15/17	fold handle_mounts() into step_into()
	... and we can move the call of handle_mounts() into step_into(),
	getting a slightly saner calling conventions out of that.
16/17	LOOKUP_MOUNTPOINT: fold path_mountpointat() into path_lookupat()
	another payoff from 14/17 - we can teach path_lookupat() to do
	what path_mountpointat() used to.  And kill the latter, along with
	its wrappers.
17/17	expand the only remaining call of path_lookup_conditional()
	minor cleanup - RIP path_lookup_conditional().  Only one caller left.

At that point we run out of things that can be done without textual conflicts
with openat2 series.  Changes so far:
	* mount traversal is taken into step_into().
	* lookup_fast(), atomic_open() and lookup_open() calling conventions
are slightly changed.  All of them return dentry now, instead of returning
an int and filling struct path on success.  For lookup_fast() the old
"0 for cache miss, 1 for cache hit" is replaced with "NULL stands for cache
miss, dentry - for hit".
	* step_into() can be called in RCU mode as well.  Takes nameidata,
WALK_... flags, dentry and, in RCU case, corresponding inode and seq value.
Handles mount traversals, decides whether it's a symlink to be followed.
Error => returns -E...; symlink to follow => returns 1, puts symlink on stack;
non-symlink or symlink not to follow => returns 0, moves nd->path to new location.
	* LOOKUP_MOUNTPOINT introduced; user_path_mountpoint_at() and friends
became calls of user_path_at() et.al. with LOOKUP_MOUNTPOINT in flags.

Next comes the merge with Aleksa's openat2 patchset; everything up to that point
had been non-conflicting with it.  That patchset has been posted earlier;
it's in #work.openat2.  The next series comes on top of the merge.

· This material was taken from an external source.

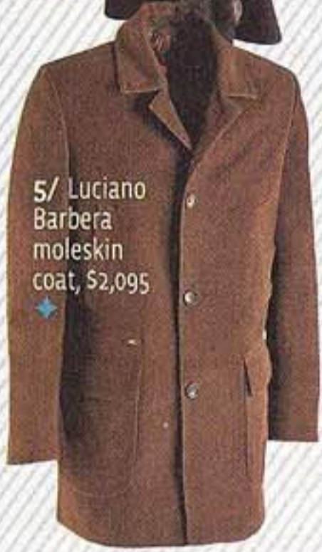
5/ Luciano Barbera moleskin coat, $2,095

part 3: untangling the symlink handling.

	Right now when we decide to follow a symlink it happens this way:
	* step_into() decides that it has been given a symlink that needs to
be followed.
	* it calls pick_link(), which pushes the symlink on stack and
returns 1 on success / -E... on error.  Symlink's mount/dentry/seq is
stored on stack and the inode is stashed in nd->link_inode.
	* step_into() passes that 1 to its callers, which proceed to pass it
up the call chain for several layers.  In all cases we get to get_link()
call shortly afterwards.
	* get_link() is called, picks the inode stashed in nd->link_inode
by the pick_link(), does some checks, touches the atime, etc.
	* get_link() either picks the link body out of inode or calls
->get_link().  If it's an absolute symlink, we move to the root and return
the relative portion of the body; if it's a relative one - just return the
body.  If it's a procfs-style one, the call of nd_jump_link() has been
made and we'd moved to whatever location is desired.  And return NULL,
same as we do for symlink to "/".
	* the caller proceeds to deal with the string returned to it.

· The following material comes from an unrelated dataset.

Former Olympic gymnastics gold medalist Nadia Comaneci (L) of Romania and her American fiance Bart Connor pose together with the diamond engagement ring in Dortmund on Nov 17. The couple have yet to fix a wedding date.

	The sequence is the same in all cases (nested symlink, trailing
symlink on lookup, trailing symlink on open), but its pieces are not close
to each other and the bit between the call of pick_link() and (inevitable)
call of get_link() afterwards is not easy to follow.  Moreover, a bunch
of functions (walk_component/lookup_last/do_last) ends up with the same
conventions for return values as step_into().  And those conventions
(see above) are not pretty - 0/1/-E... is asking for mistakes, especially
when returned 1 is used only to direct control flow on a rather twisted
way to matching get_link() call.  And that path can be seriously twisted.
E.g. when we are trying to open /dev/stdin, we get the following sequence:
	* path_init() has put us into root and returned "/dev/stdin"
	* link_path_walk() has eventually reached /dev and left
<LAST_NORM, "stdin"> in nd->last_type/nd->last
	* we call do_last(), which sees that we have LAST_NORM and calls
lookup_fast().  Let's assume that everything is in dcache; we get the
dentry of /dev/stdin and proceed to finish_lookup:, where we call step_into()
	* it's a symlink, we have LOOKUP_FOLLOW, so we decide to pick the
damn thing.  Into the stack it goes and we return 1.
	* do_last() sees 1 and returns it.
	* trailing_symlink() is called (in the top-level loop) and it
calls get_link().  OK, we get "/proc/self/fd/0" for body, move to
root again and return "proc/self/fd/0".
	* link_path_walk() is given that string, eventually leading us into
/proc/self/fd, with <LAST_NORM, "0"> left as the component to handle.
	* do_last() is called, and similar to the previous case we
eventually reach the call of step_into() with dentry of /proc/self/fd/0.
	* _now_ we can discard /dev/stdin from the stack (we'd been
using its body until now).  It's dropped (from step_into()) and we get
to look at what we'd been given.  A symlink to follow, so on the stack
it goes and we return 1.
	* again, do_last() passes 1 to caller
	* trailing_symlink() is called and calls get_link().
	* this time it's a procfs symlink and its ->get_link() method
moves us to the mount/dentry of our stdin.  And returns NULL.  But the
fun doesn't stop yet.
	* trailing_symlink() returns "" to the caller
	* link_path_walk() is called on that and does nothing
whatsoever.
	* do_last() is called and sees LAST_BIND left by the get_link().
It calls handle_dots()
	* handle_dots() drops the symlink from stack and returns
	* do_last() *FINALLY* proceeds to the point after its call of
step_into() (finish_open:) and gets around to opening the damn thing.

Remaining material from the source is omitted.